Piano Particolareggiato, escludere l’area che non è “ex magazzino derrate”.

E’ ovvio, al di là delle intenzioni, che l’ipotesi 1) è quella che ci tutela di più.

Il secondo problema è che la destinazione “Università” comprende una varietà di tipologie:

aule, laboratori, sale riunioni (e fin qui niente da ridire), ma anche, e qui cominciano i

problemi, bar, posto di ristoro per studenti, strutture ricettive ecc. In altre parole ritornerebbe

fuori, in forme diverse, il famoso “Albergo nel Parco del Cardeto”, con traffico, rumore e

inquinamento luminoso notturno, forse parcheggi ecc.

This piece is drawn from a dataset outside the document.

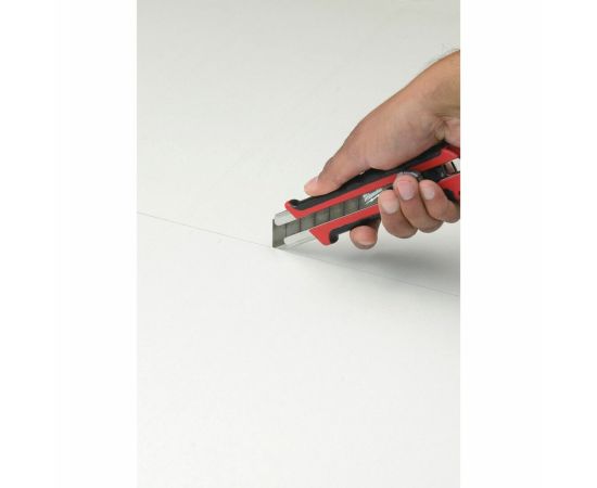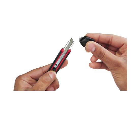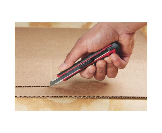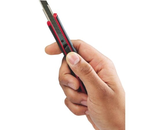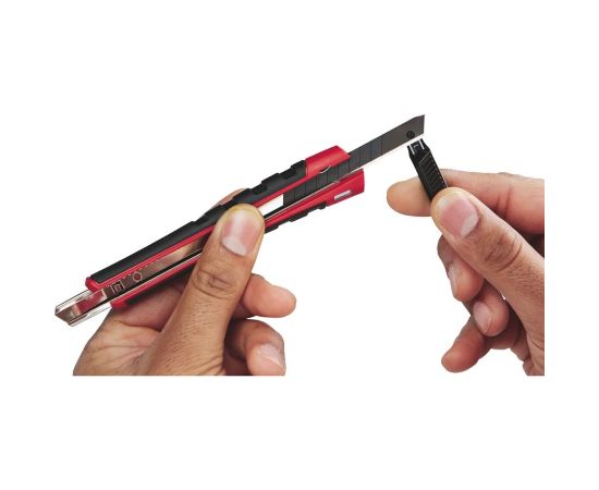Нож для картона 9мм Milwaukee 48221960 обладает неболшими размерами и узким лезвием. Это позволяет резать мягкие материалы по любому профилю. Обрезиненная рукоятка защищает инструмент от ацетона и препятствует выскальзыванию из мокрых ладоней.
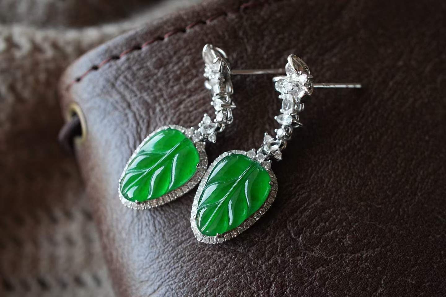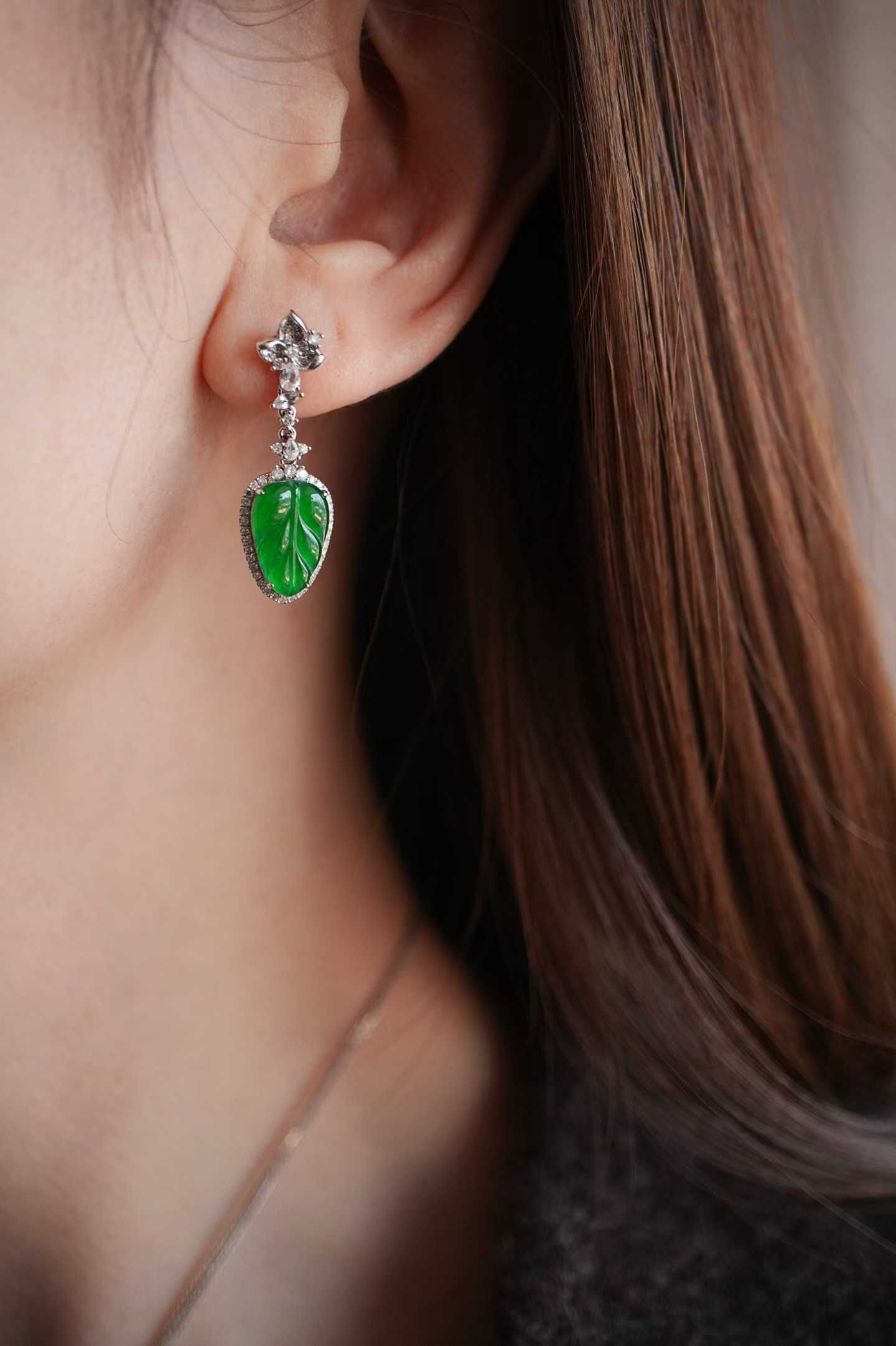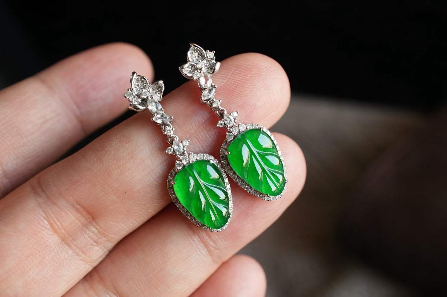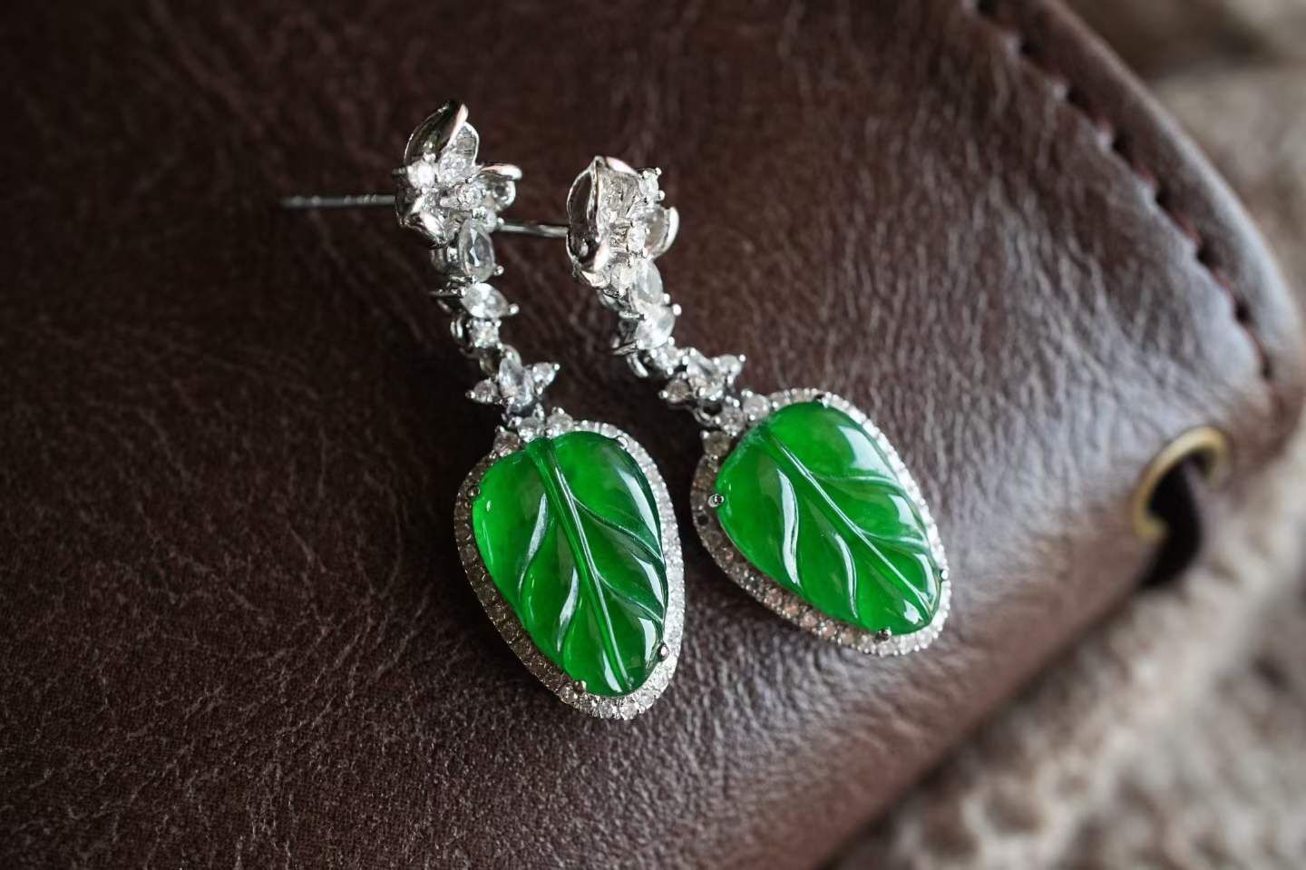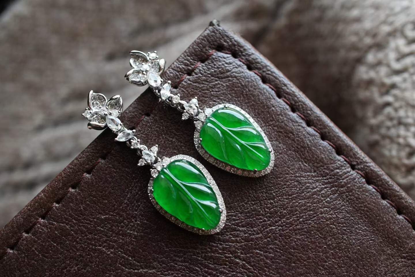 • 翡翠高冰辣陽綠葉子耳墜,天然翡翠A玉, 緬甸玉, Jade, Jadeite

Anche per questo secondo problema ci sono due soluzioni:

1) nel provvedimento che consentirà l’utilizzo “Università” prevedere fin d’ora gli utilizzi

consentiti e quelli non consentiti.

2)vendere l’edificio all’Università senza prescrizioni specifiche, e successivamente escludere nel

Piano particolareggiato gli utilizzi che non si ritengano congrui con un Parco.

Anche per la soluzione di questo secondo problema a me pare che la soluzione più chiara, e in

definitiva anche più “pulita” sia la prima.

Oggi sappiamo che c’è una riunione di maggioranza nel corso della quale verranno prese le

relative decisioni, da portare poi in commissione.